Using Pandas GroupBy to Compare Tipping Behaviour

When you first encounter GroupBy in Pandas, it can feel abstract. The mental model is simple: split your data into groups, run a calculation on each group, then combine the results.

The question

Using the classic Tips dataset: do smokers tip differently from non-smokers?

The code

import seaborn as sns

tips = sns.load_dataset("tips")
tips.groupby("smoker")["tip"].mean()

This returned:

No     2.99
Yes    3.00
Name: tip, dtype: float64

On average, smokers tipped slightly more — but the difference is tiny (about one cent).

Why GroupBy is useful

Without GroupBy you’d write something like:

tips[tips["smoker"] == "No"]["tip"].mean()
tips[tips["smoker"] == "Yes"]["tip"].mean()

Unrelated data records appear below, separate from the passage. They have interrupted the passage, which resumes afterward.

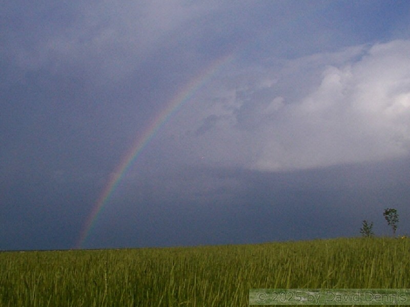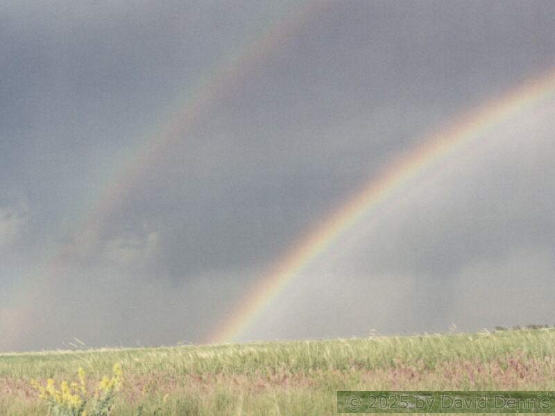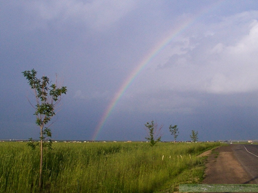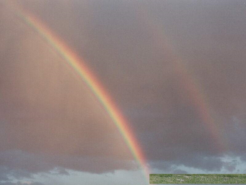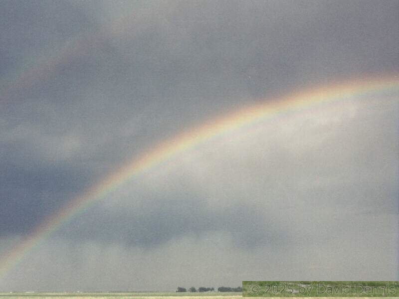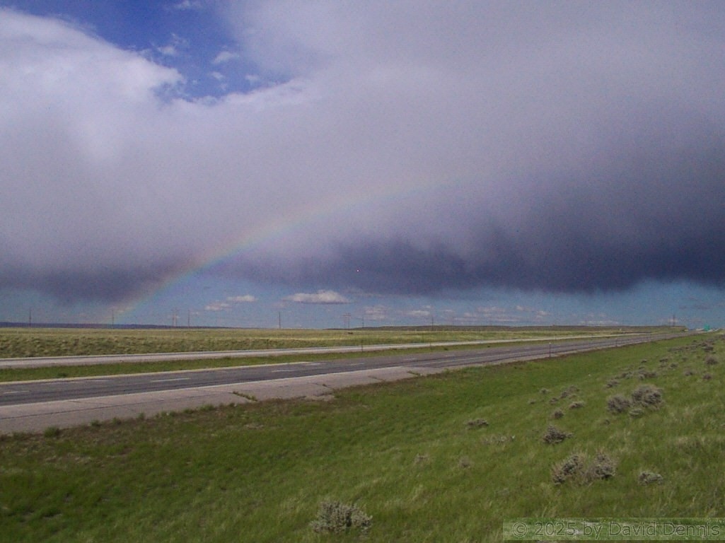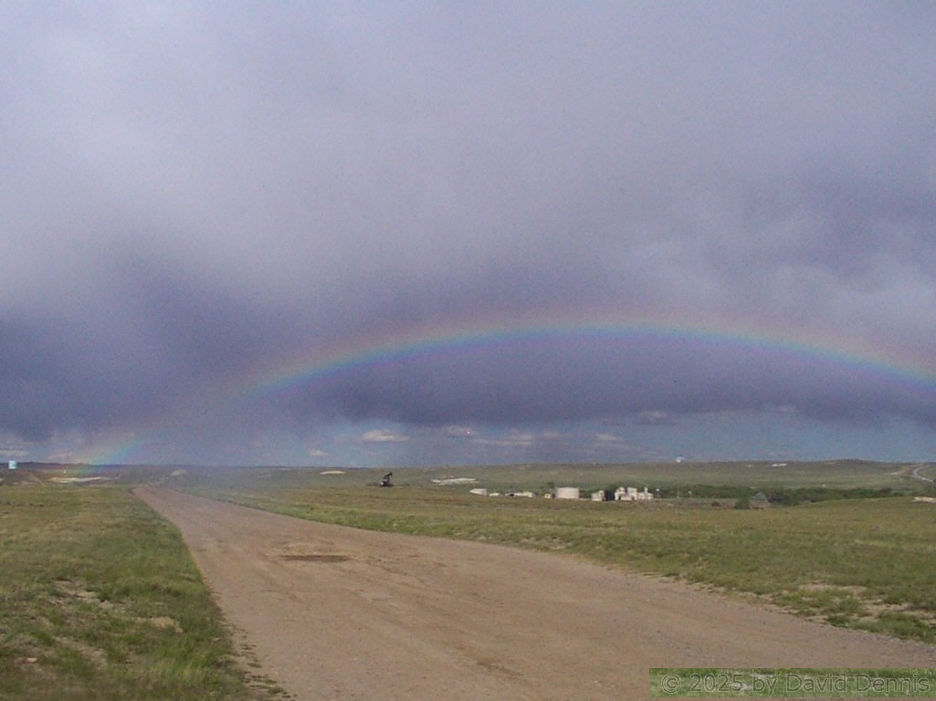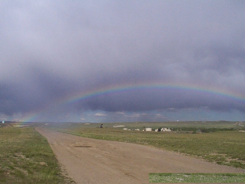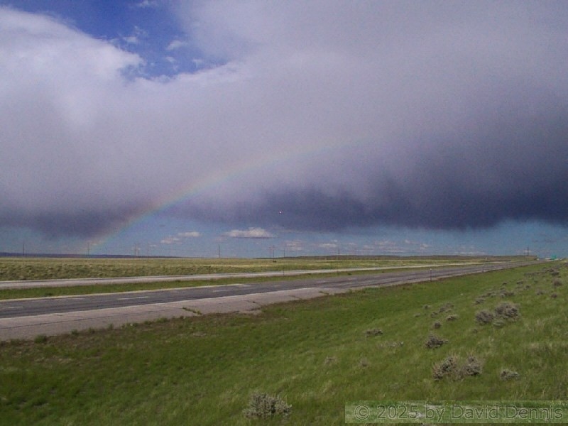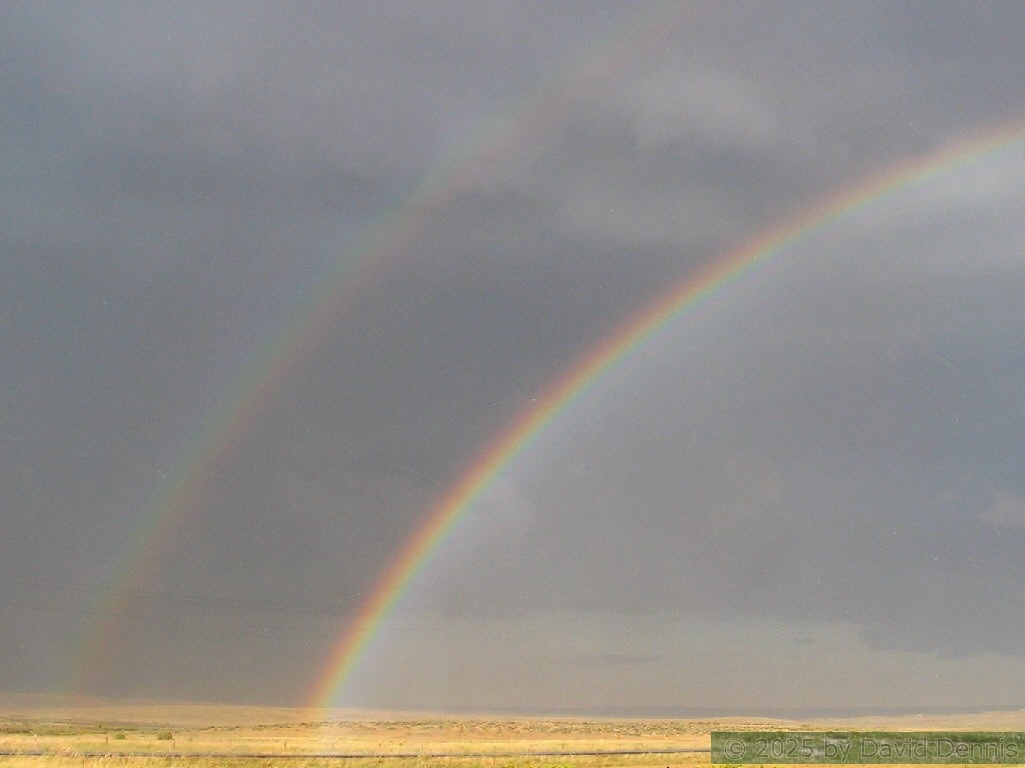 The first four rainbow photographs were taken in April, 2001 just off I-70 between Denver and Idaho Springs, Colorado. The next two rainbow pictures were taken on the plains in Eastern Colorado in May, 2001. The following three were taken near my home in Cheyenne, Wyoming. The last two photos were taken at the bottom of waterfalls in Yellowstone National Park.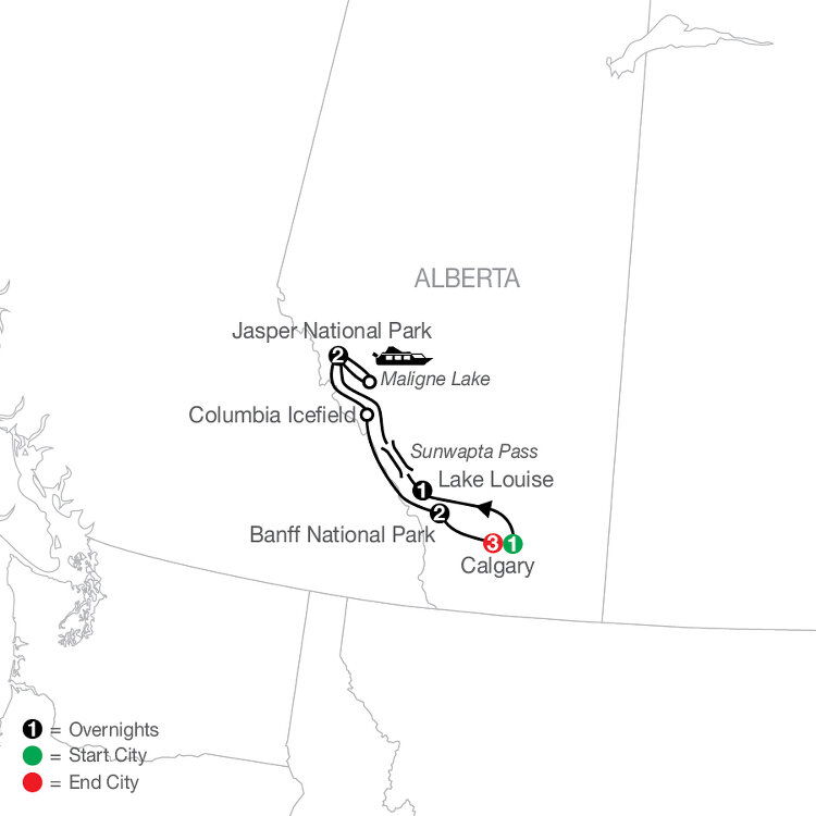 Depart Jasper with a scenic drive on Icefields Parkway en route to Columbia Icefield. Explore how landscapes are shaped with an epic ride aboard the mighty Columbia Ice Explorer all-terrain vehicle. Continue through Banff National Park to discover breathtaking beauty beyond imagination.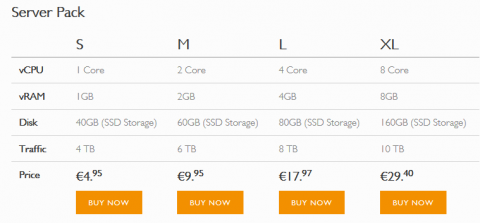 Products > CloudsでVirtual Seraverがあり、40GBで€5という事になっています。Trafficについて制限が付いているところに注意が必要です。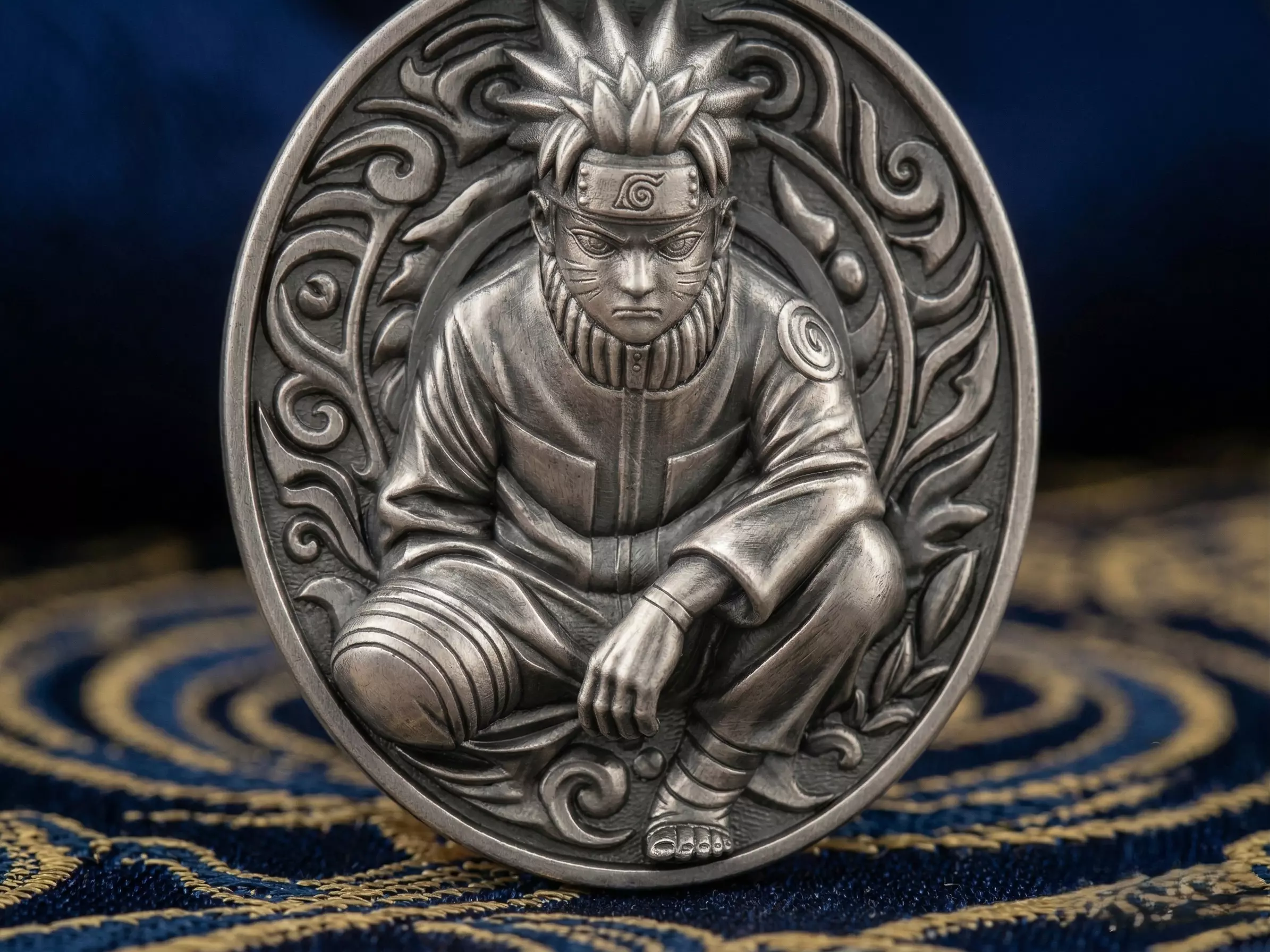 Celebrate the journey of the Seventh Hokage with this Naruto Uzumaki Shinobi Medallion. This design features a focused, battle-ready Naruto set against a backdrop of traditional Japanese swirling patterns that evoke both the Uzumaki clan crest and the energy of the Nine-Tails. It is a powerful, narrative piece designed to be a centerpiece in any anime-inspired luxury collection.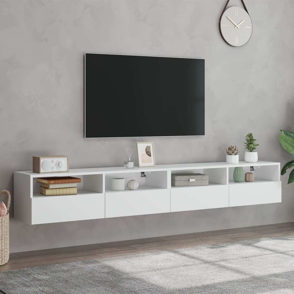 These TV wall cabinets are the perfect solution for your living space to maximise space and keep the floor areas uncluttered. Durable material: The engineered wood is of exceptional quality with a smooth surface and also features strength, stability and resistance to moisture.Ample storage space: The floating TV unit has 2 shelves and 2 compartments behind the door to keep your small items like books, DVDs, and magazines neatly organized and within reach.Wall-mounted design: This wall media unit can be wall-mounted to add extra storage space. That way, you can maximise your floor space and keep the area clean. Good to know:Screws and plugs for inside the wall are not included. We advise to find and use screws and plugs suitable specifically for your walls. If you're not sure, you can consult with a professional. Please read and follow each step of the instructions.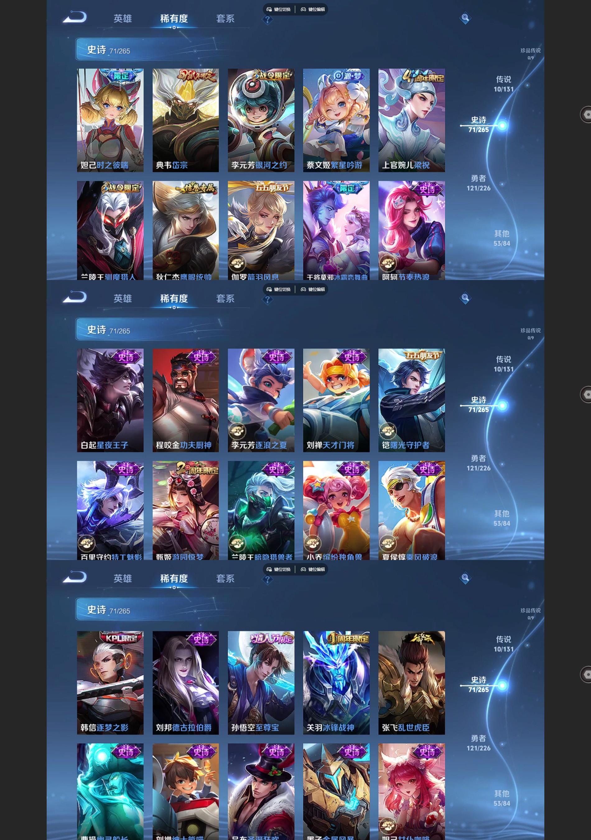 2280421-v7-256皮肤1典藏10传说2星元71史诗86限定-1673紫星币 【全皮英雄】 海诺全皮 刘邦全皮 【典藏】 神鉴启示录 【星元】 未来机甲 金色仲夏夜 【传说】 凤求凰 时雨天司 山海炽霜斩 天魔缭乱 游龙清影 炽阳神光 云鹰飞将 黄金狮子座 时之恋人男 仲夏夜之梦 【热门】涂山容容 神威 至尊宝 冰封战神 时雨天司 岱宗 龙胆 逐梦之影 天狼绘梦者 默契交锋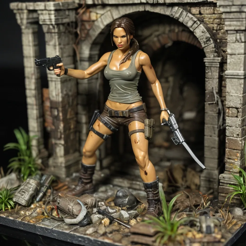 A sexy action figure of Sherry Birkin Resident Evil 6. She is in her hospital gown , this is a tabard style lose fitting item , for a medical procedure not a lab coat. It is lightly tied at the sides , has a plunge neck and hip length. She has no other clothes.she holds a pair of electrick stun batons. She Stands over a defeated soldier , he is in black and wears a mothern military gas mask.. on a diorama base ,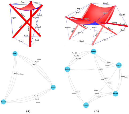 Graph representation of component connectivity: (a) Prototype 1: basic tensegrity principle, (b) Prototype 2: Tensegrity FlaxSeat.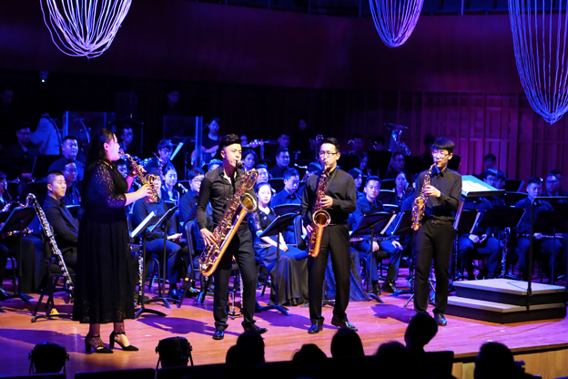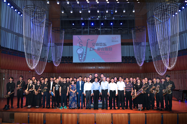 这是一次萨克斯管乐与交响管乐的艺术碰撞,这是一次萨克斯管乐与交响管乐的交融之旅,这是一次以萨克斯管乐与交响管乐演绎大众耳熟能详的经典动漫与电影配乐的新尝试,这是一场令人心动的音乐会,这是由我校音乐学院八音萨克斯管乐团与西安交响乐团于5月19日晚在曲江西安音乐厅,为西咸两市人民呈现的雅俗共赏、形式新颖的“交响管乐与萨克斯们”专场音乐会。本场音乐会吸引了来自西咸两市近千名市民观看,我校校长方明,党委副书记马智勇,纪委书记王启和,副校长舒世昌、毛龙灿前往观看了演出。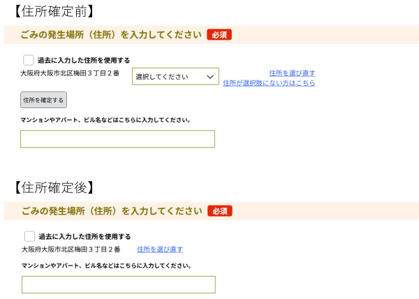 「住所を選び直す」をクリックすることで1つ前の住所選択が可能になります。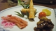 夕食はフルコースディナー。オードブル、スープ、メ...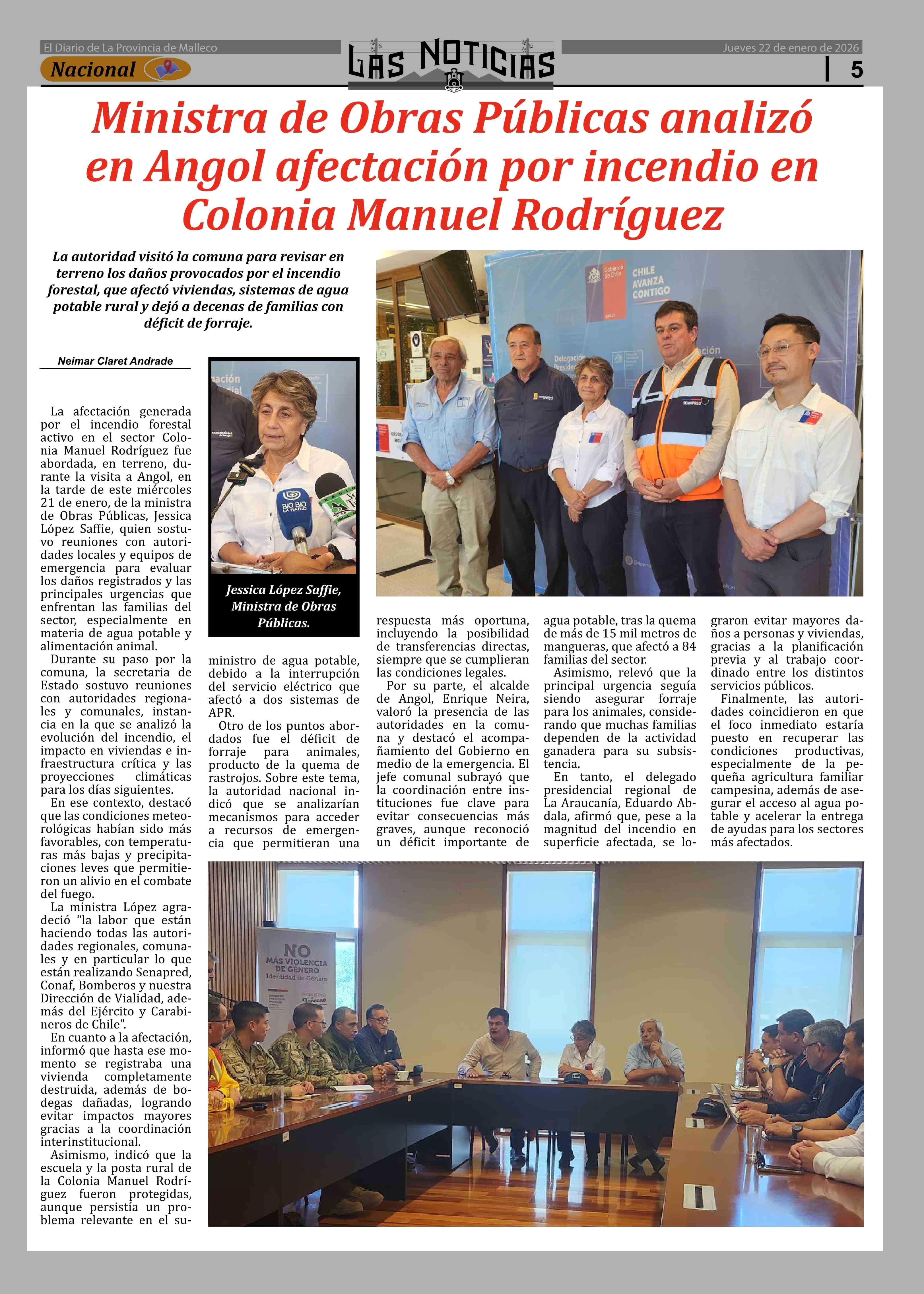 Ministra de Obras Públicas analizó en Angol afectación por incendio en Colonia Manuel Rodríguez 22-01-2026 Las Noticias |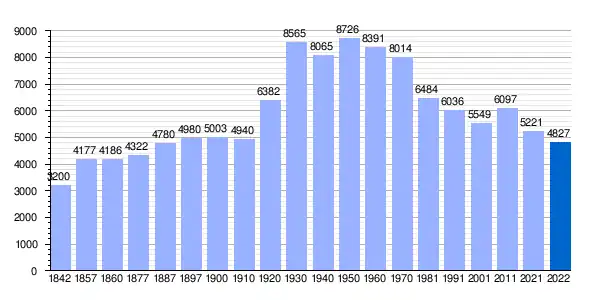 Población de derecho (1842-1991, excepto 1857 y 1860 que es población de hecho) o población residente (2001-2021) según los Censos de Población desde 1842. Población según el padrón municipal de 2022 del INE. |

That works for two groups. It falls apart when you have many categories or want multiple aggregations at once.

GroupBy scales:

tips.groupby("smoker").agg(
    avg_tip=("tip", "mean"),
    avg_bill=("total_bill", "mean"),
    count=("tip", "count"),
)

One line, multiple metrics, any number of groups.

Takeaway

GroupBy is the workhorse of exploratory data analysis. Whenever you catch yourself filtering the same column repeatedly to compare groups, reach for groupby instead.